Caregivers of children with disabilities or siblings with disabilities
I’ve recently taken over the care of my sister with disabilities. Caregiving for a person born with an incurable disability is somewhat different from caring for the aged, or an adult onset medical condition.
My sister is 65 with developmental disabilities. She is in a private independent living group. The transfer of her care has involved massive amounts of time to change payment accounts of all kinds to my name, not to mention legal paperwork. With that behind me, there are almost weekly issues to manage or decide upon.
Join this conversation to share with others dealing with similar issues.
How is your caregiving day today?
Interested in more discussions like this? Go to the Caregivers Support Group.
Connect

@judyandchloe and all... Thank you so much for your kind and helpful message. I will check into the Stellalife. It sounds as if it might help when his teeth and jaw are bothering him. It sounds like you've had and are experiencing a difficult time. I am so sorry. I have TMJ and may find that drug helpful as well.

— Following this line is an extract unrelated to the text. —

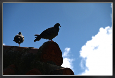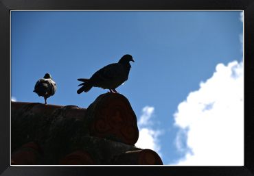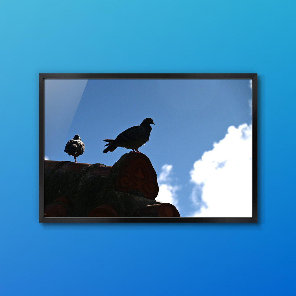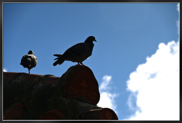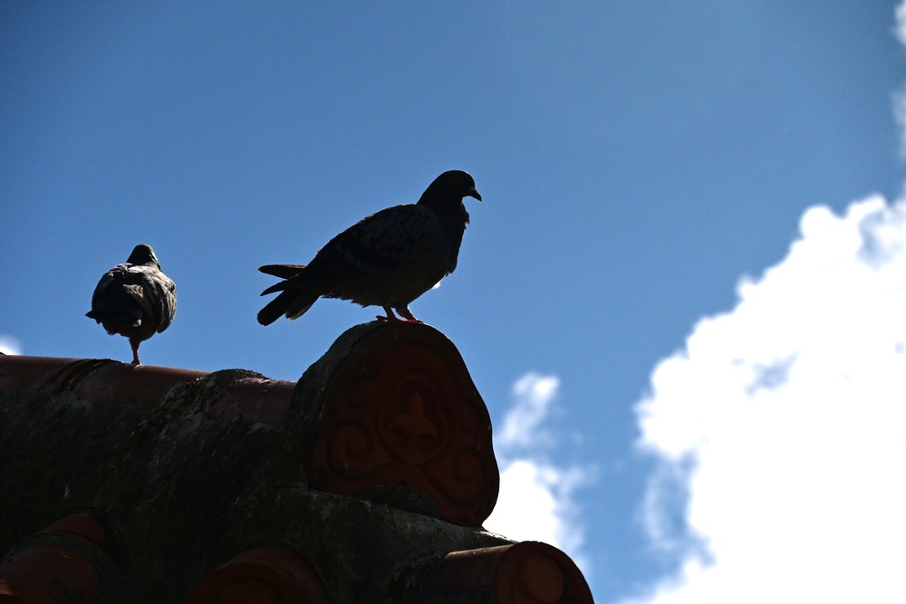 晴天の昼間に東屋の瓦屋根にハトが止まっていました。時間が停止したような世界感でした。

His disability is cervical dystonia with multiple additional diagnoses that go along with this rare movement disorder. It is not like anything else. It is rare, legitimate experts in the field are rare. There are doctors who will try to treat it but know nothing about what to do, so for years they threw Oxycontin, Fentynal and any other heavy narcotic at him even though they helped only slightly. Then, the anti-Oxycontin rage began and he couldn't even get that medication to help with pain. I went to 5 pharmacies to try to fine Oxy to refill his prescription. One night, 5 pharmacies... either not enough, or none, or wouldn't give it to me because they didn't know me or whatever. Doctors and hospitals thought he was pill shopping, faking to get oxy... The man never took Tylenol for goodness sake! Yes, we have had quite the struggle, constant battles for 2 decades.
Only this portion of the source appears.